ACTION ITEM
Whenever a picture appears in the listing below, leave it out, and copy exactly the lines from the one containing "Descriptive Analytics |" through the end.

DATASET EXCERPT
========
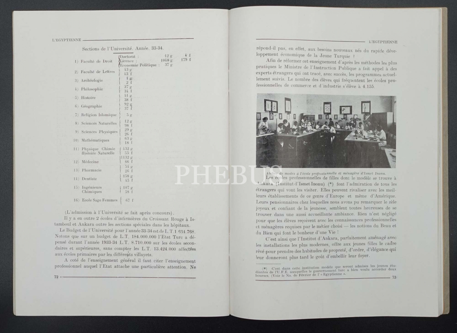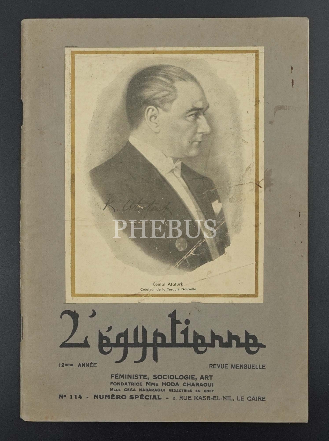 Kahire'de yayımlanan Atatürk kapaklı L'Egyptinne dergisi... İçinde Türk Edebiyatı´nın ünlü isimlerinden Yakub Kadri (Karaosmanoğlu), Falih Rıfkı (Atay) ve Aka Gündüz´ün yazıları mevcuttur.
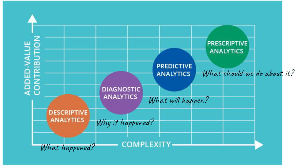 | Descriptive Analytics | What happened? | ตั้งคำถามว่าก่อนหน้านี้เกิดอะไรขึ้น เช่นในเดือนที่แล้วมีลูกค้าประจำมาสมัครสมาชิก |
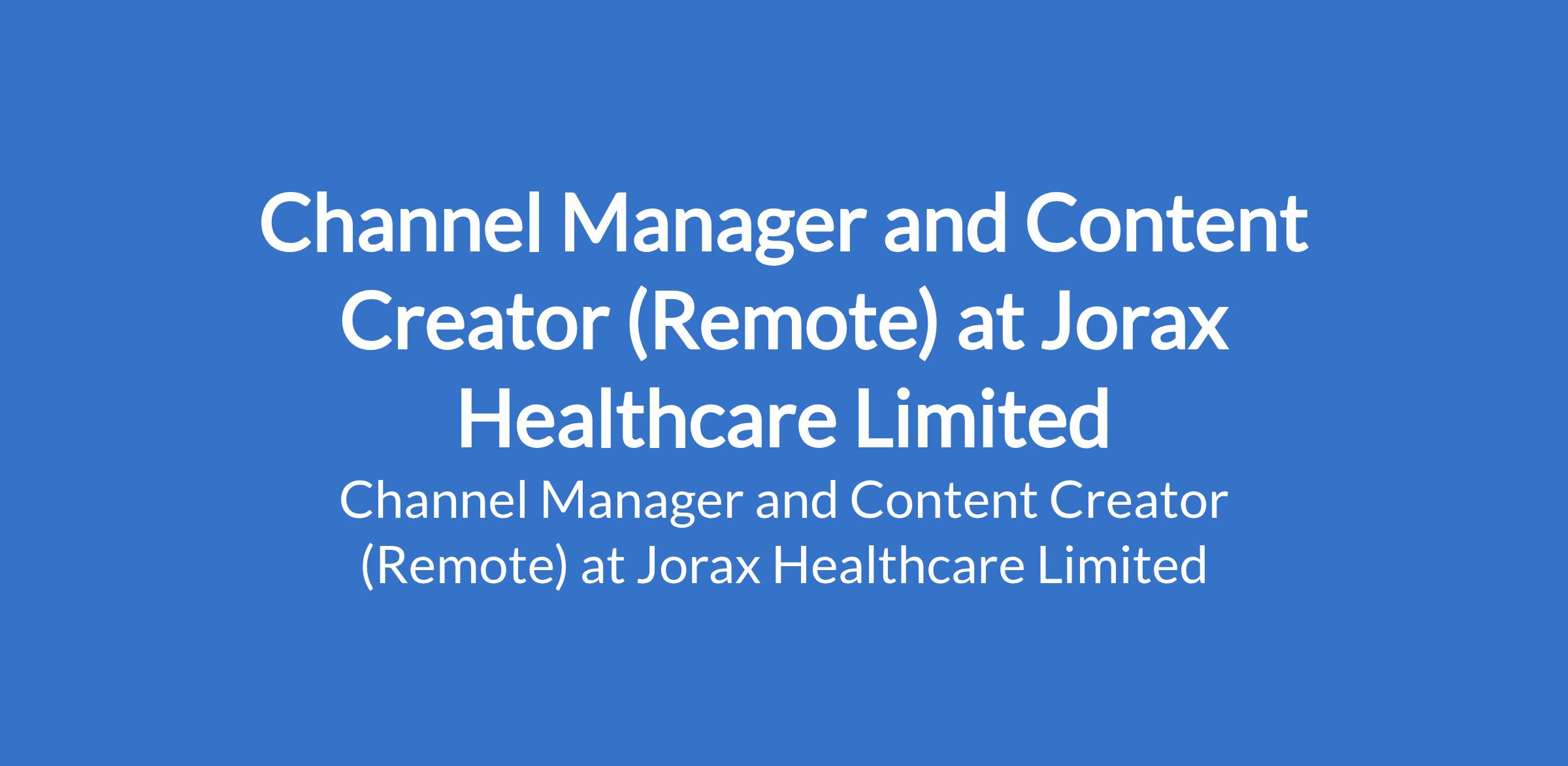 Channel Manager and Content Creator (Remote) at Jorax Healthcare Limited
========
SOLUTION FOR THIS PROBLEM
 | Descriptive Analytics | What happened? | ตั้งคำถามว่าก่อนหน้านี้เกิดอะไรขึ้น เช่นในเดือนที่แล้วมีลูกค้าประจำมาสมัครสมาชิก |
 Channel Manager and Content Creator (Remote) at Jorax Healthcare Limited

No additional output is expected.